I think people have this idea about zen meditation that’s relaxing and I’ve had more than one person express misgivings to me about meditation practice because they’re concerned they’ll lose their edge and become too sensitive. Truth be told, I’ve had those misgivings myself. Concerns about losing my mental sharpness and my rapid fire reactiveness in emergency situations which have served me very well (as well as undermining me when I did not size up the situation accurately) in the past. I remember eating at a vegetarian restaurant run by students of an Indian guru and thinking that they all seemed lobotomized. Way too calm and slow to run a restaurant. My spacey waitress forgot the water. Three times.

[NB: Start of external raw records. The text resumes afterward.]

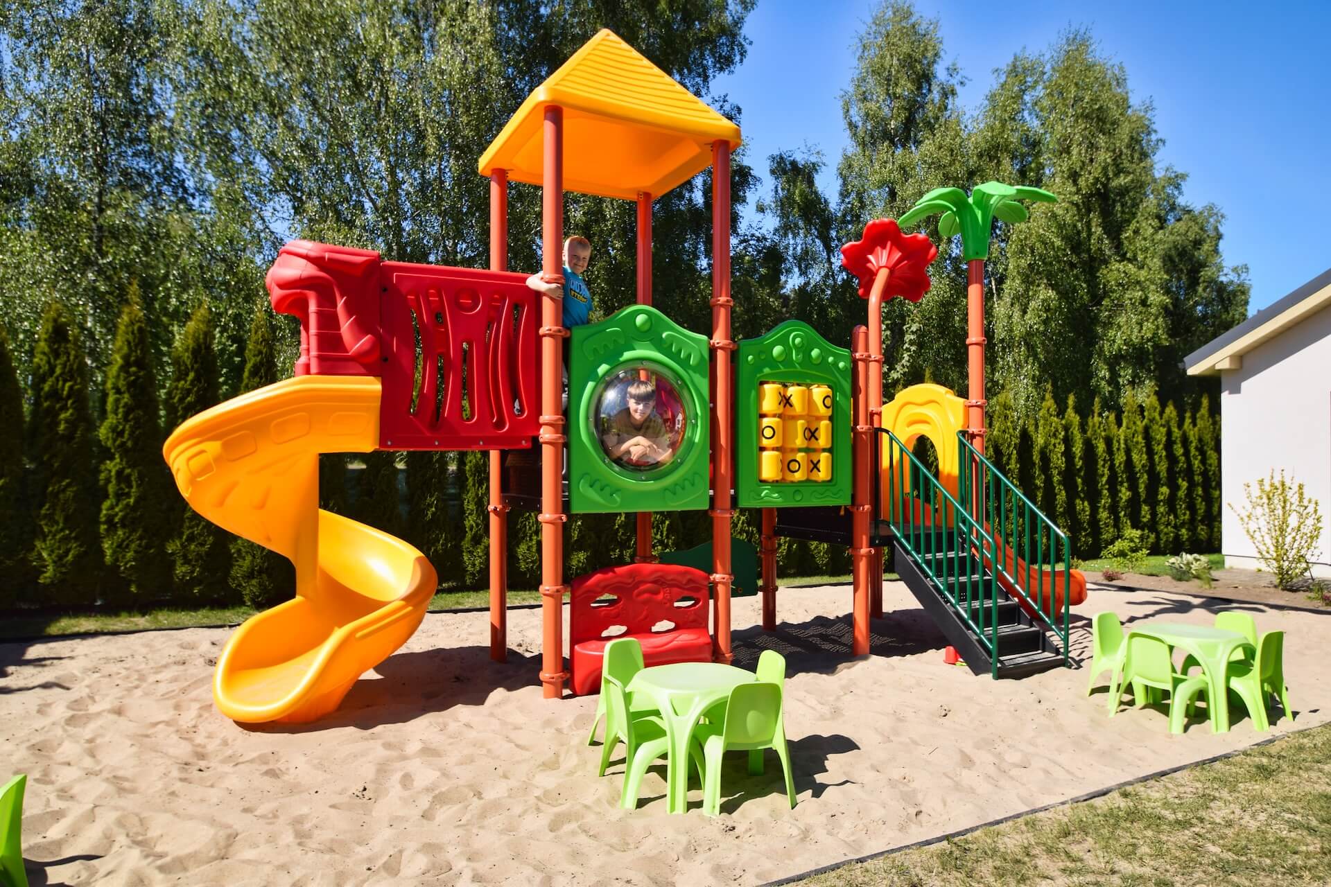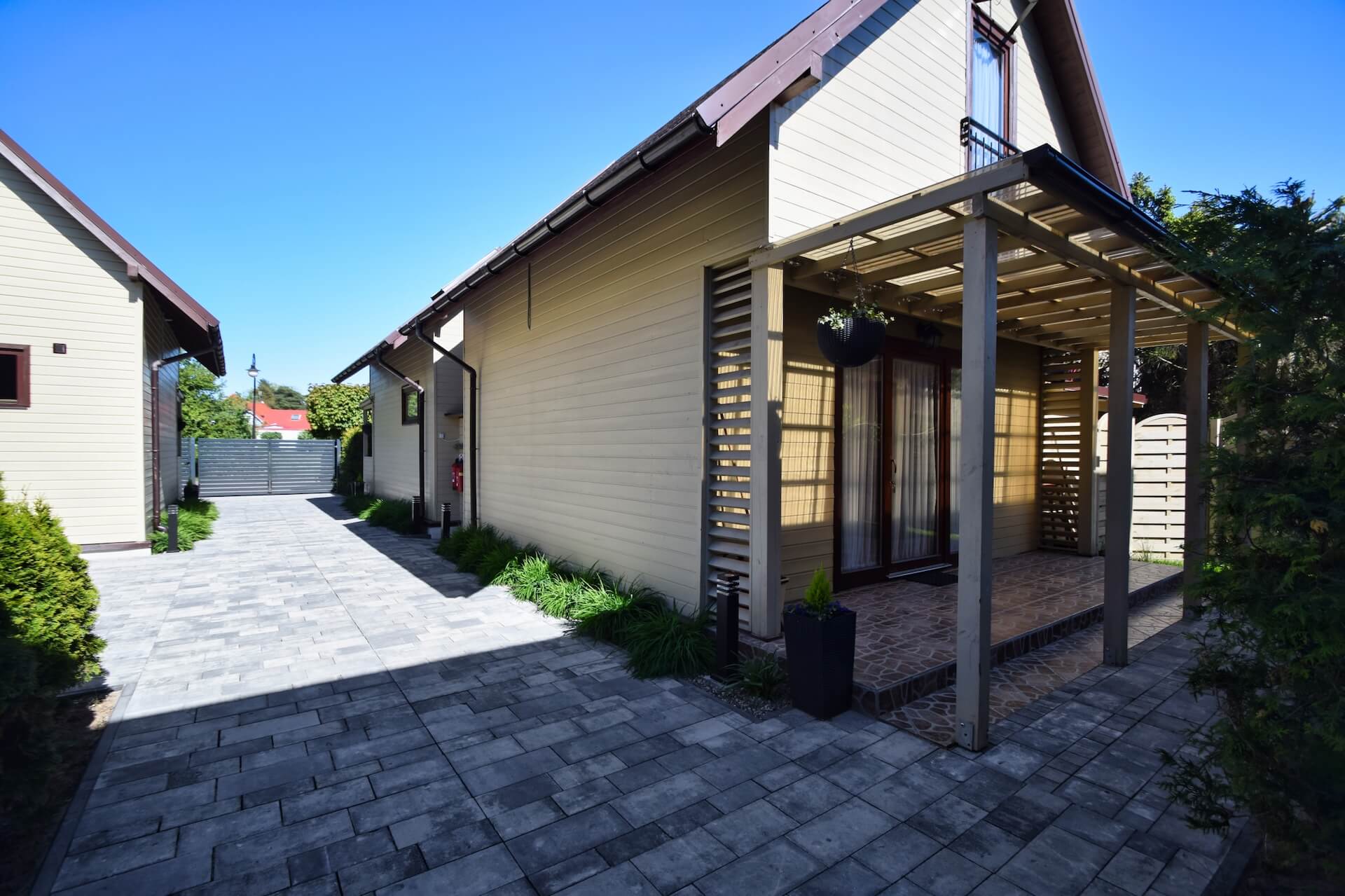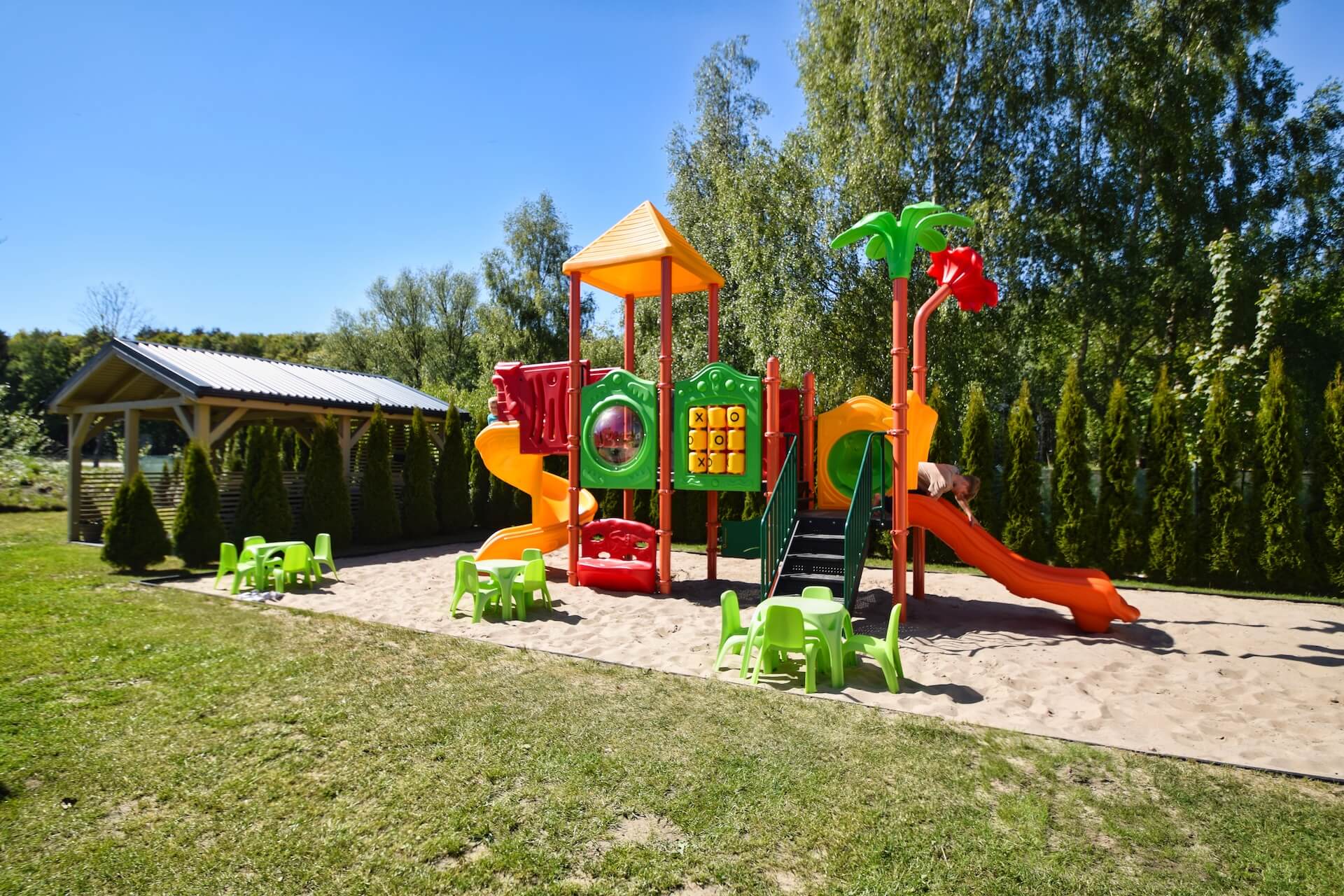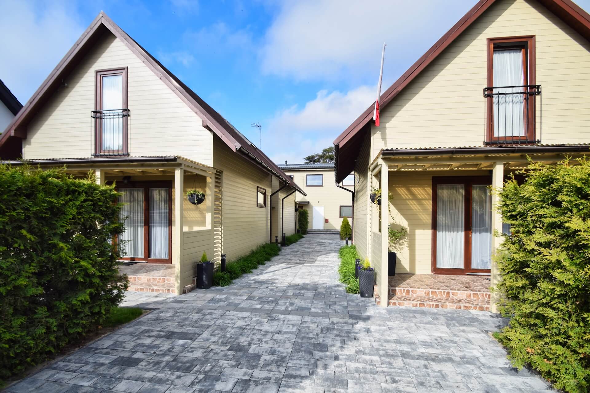 Nasze dwupoziomowe klimatyzowane domki oferują przestronność i komfort. Na parterze znajduje się duży salon z w pełni wyposażonym aneksem kuchennym oraz kanapą narożnikową, która może służyć jako dodatkowe miejsce do spania. Dodatkowo na parterze znajduje się przestronna łazienka. Na piętrze domku umieszczone są dwie trzyosobowe sypialnie oraz duża szafa. Każdy z naszych domków jest wyposażony w sprzęt plażowy, a na zewnątrz do dyspozycji gości są meble ogrodowe oraz grill.
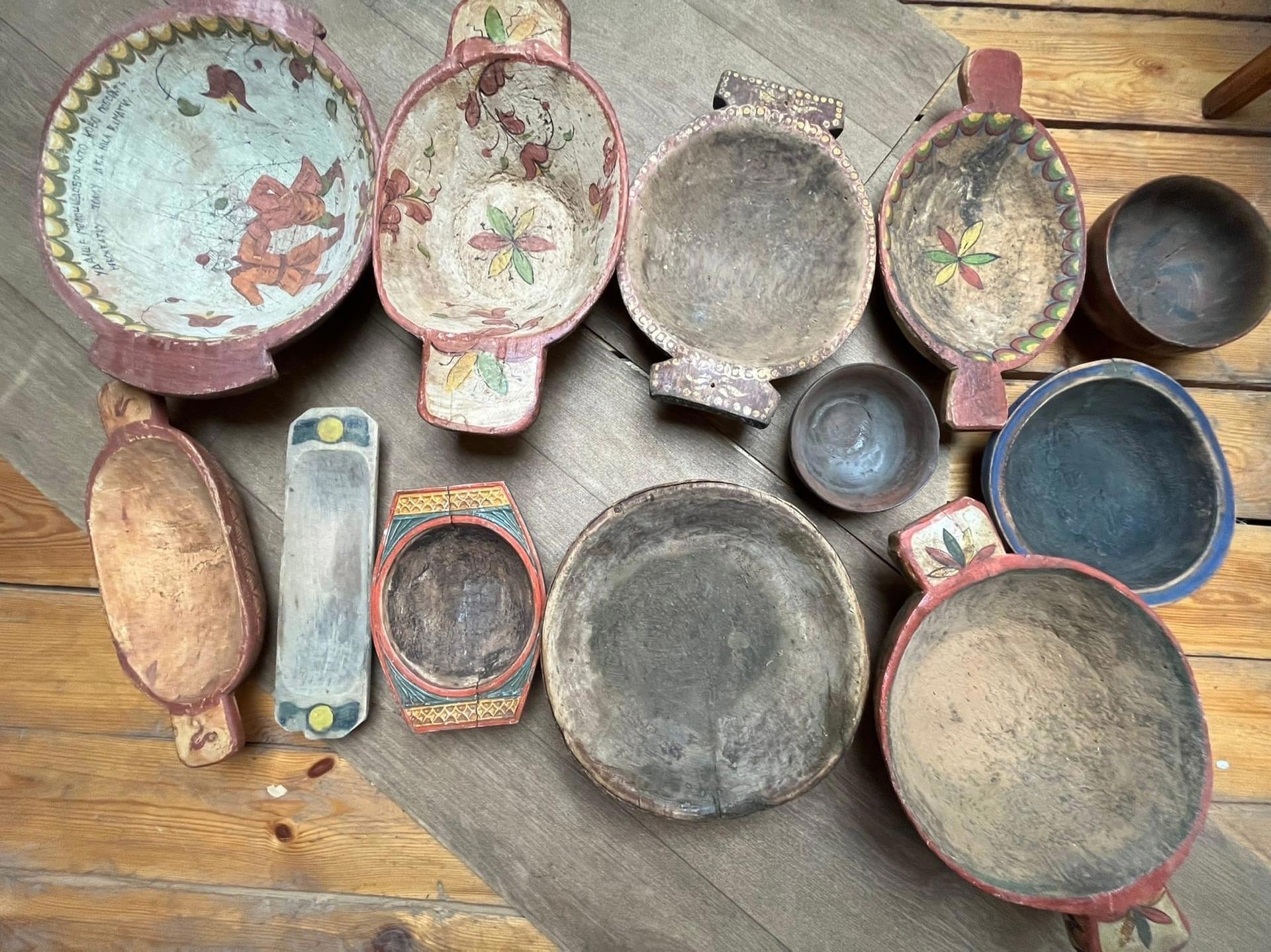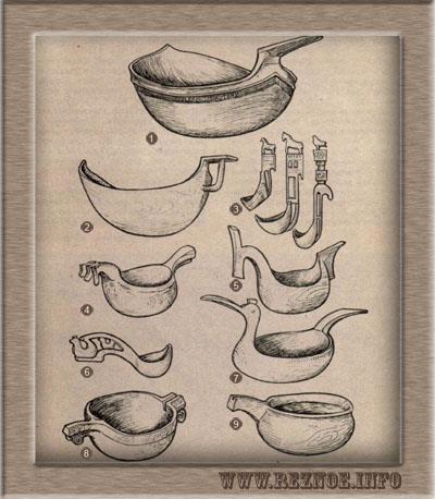 Русская праздничная посуда. XVII-XIX вв.: 1 - каповый ладьевидным московский ковш; 2 - большой Козьмодемьянским ковш; 3 - Козьмодемьянские ковши-черпаки; 4 - тверской ковш “конюх”; 5 - ковш ярославско-костромского типа; 6 - вологодский ковш-налевка; 7 - северодвинский скопкарь; 8 - тверская ендова; 9 - северодвинская ендова.
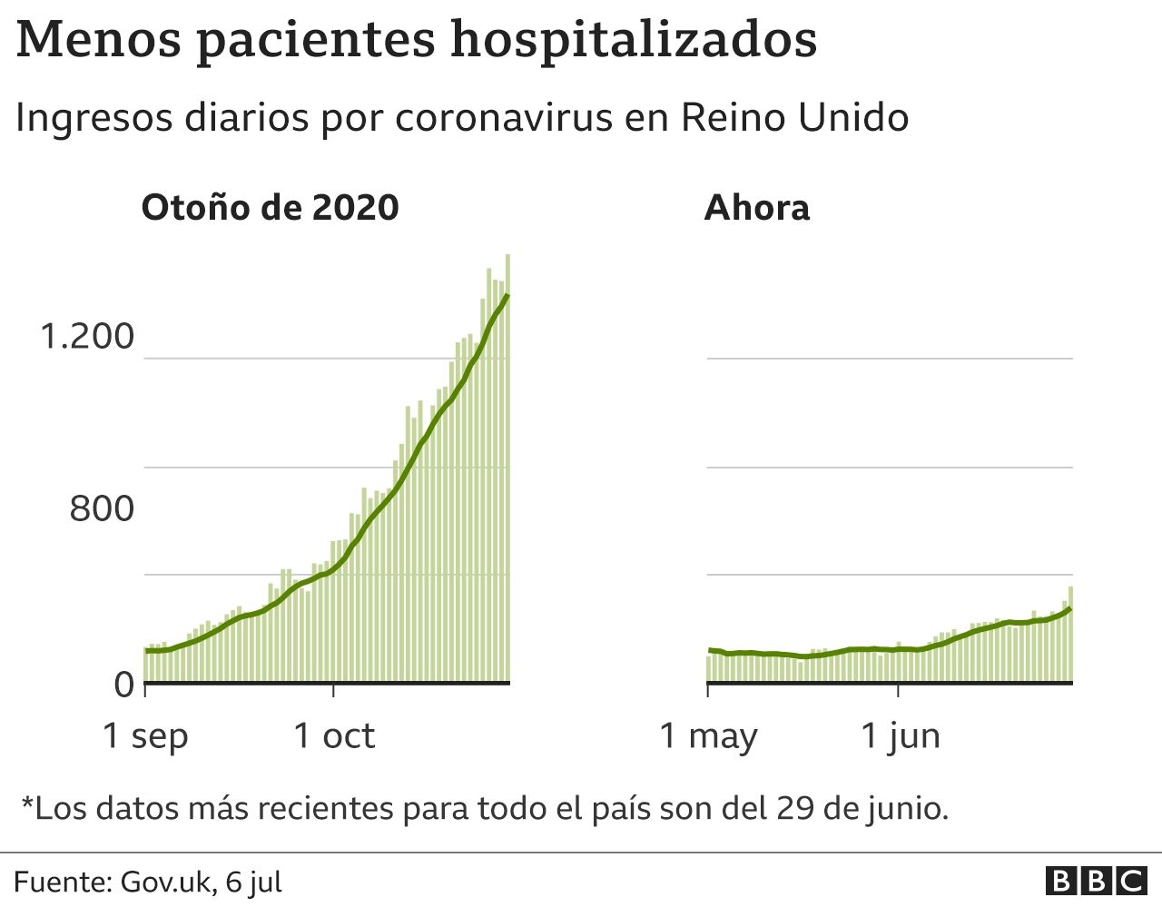Aunque actualmente el número de casos es elevado, las muertes se han mantenido en un nivel relativamente bajo, lo cual sugiere que el avanzado programa de vacunación de Reino Unido ha hecho que el virus sea menos mortal.
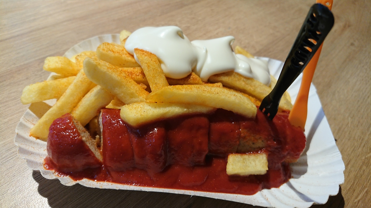 中央駅で買い物途中に見つけました。場所はWashingtonplatz出入り口付近の地上階にあります。日曜日の夕方でしたが開いているテーブルがあり、ほとんど並ばずタイミングよく注文できました。カリーヴルストの人気店は他にもありますが味、アクセスの良さから私は断然Curry36派です。トマトの濃ゆーいケチャップと、ポテトのマヨネーズの組み合わせが癖になり、滞在中必ず一回は食べています。ちなみにソーセージはドイツらしくビーガンとビオもあり、私はビオが好きです。
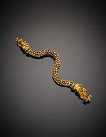 Bracciale in oro giallo con diamanti, smeraldi, rubini, terminato a due teste...
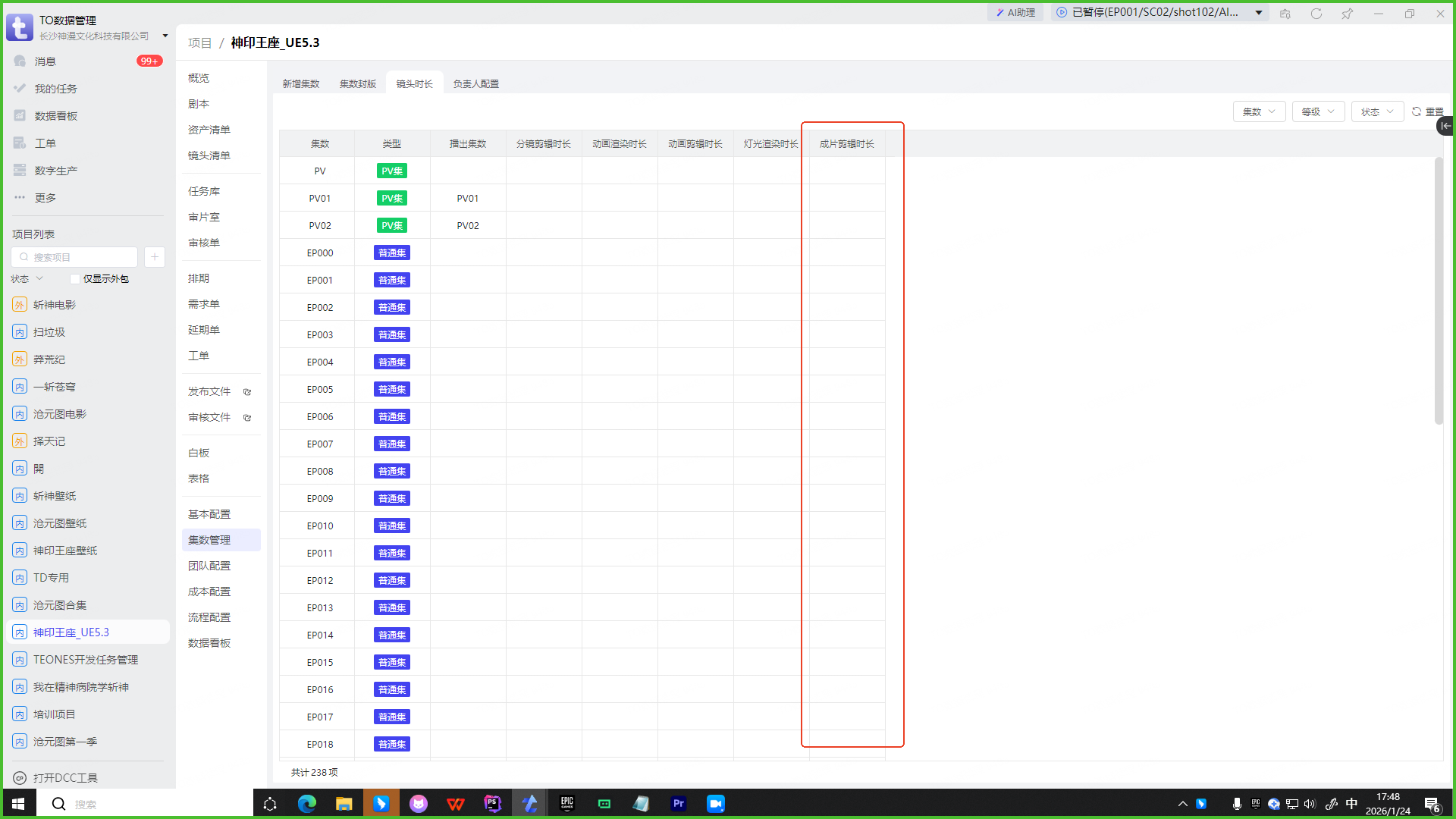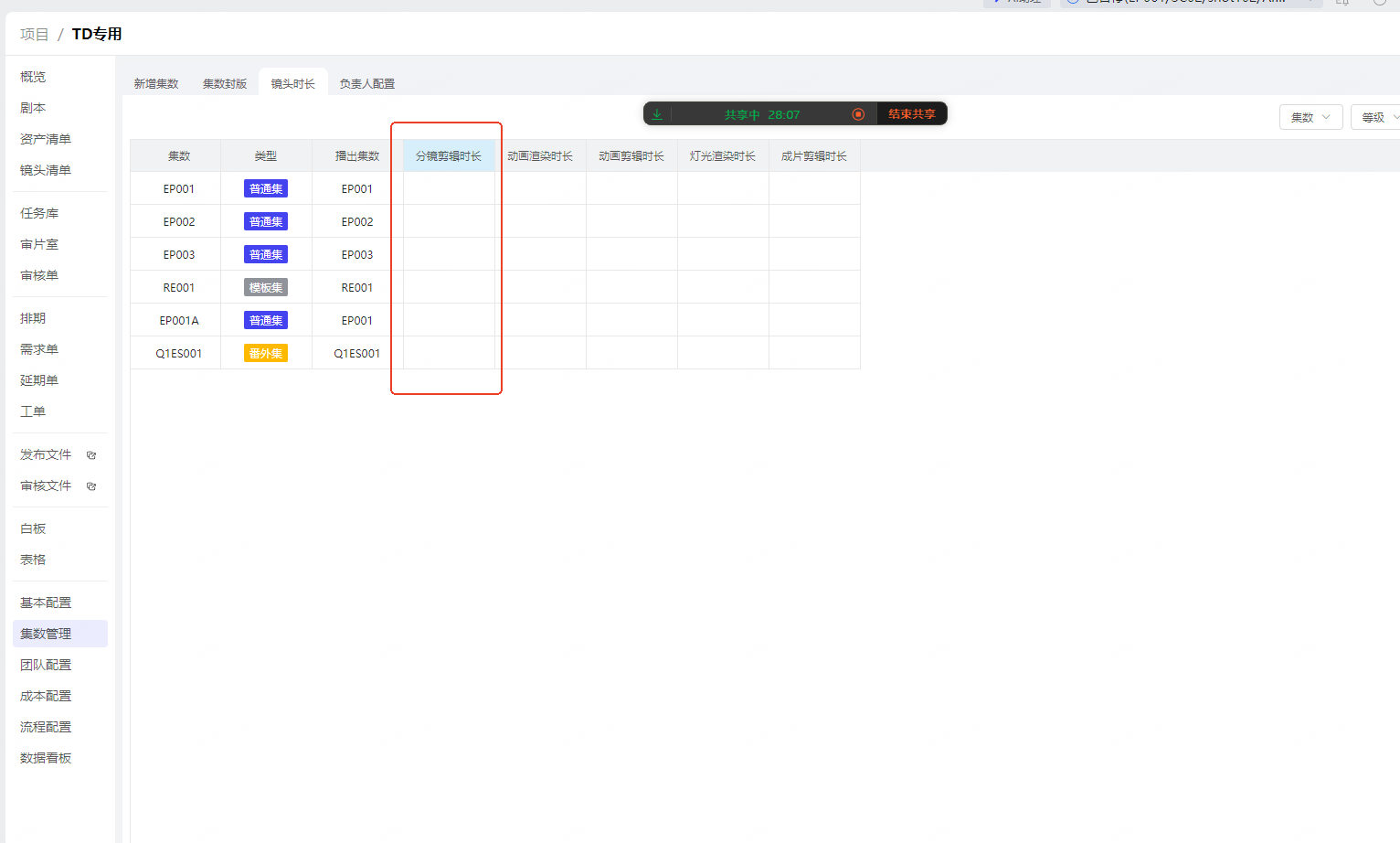 📌 成片时长录入到单集管理
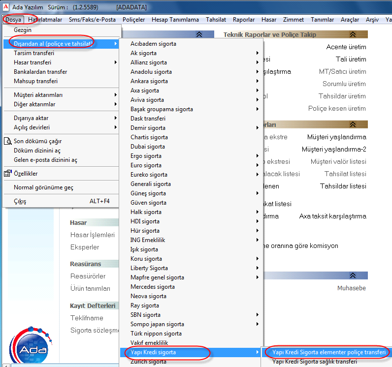 Almış olduğunuz XML dosyasını Ada Yazılıma aktarmak için Dosya > Dışarıdan Al >Yapıkredi Sigorta > Yapıkredi Elementer Poliçe Transferi demeli ve indirmiş olduğunuz transfer dosyasını seçmelisiniz. Transfer et demelisiniz.

My training is nowhere near as severe as what goes down in Eiheiji, but relaxing is really a poor description of the endeavour. Fears of replacing my structured thinking mind with a soft tofu mind have proven to be unfounded. I can stay present in all kinds of conflict now that before would have reduced me to tears. I am more ok with not understanding something, being in the unknown, not needing to pin something down and trusting, surrendering to profound processes that evade my comprehension. If anything, I think zen’s made me a bit more hardcore.

* The title, by the way, is not a riff off of Eat Pray Love; it’s a very close translation of its original Japanese title which is Ku Neru Suwaru: Eiheiji Shugyoki (the first three words are the infinitive forms of verbs and the last two are the name of the temple). Ku Neru Suwara was published in 1996.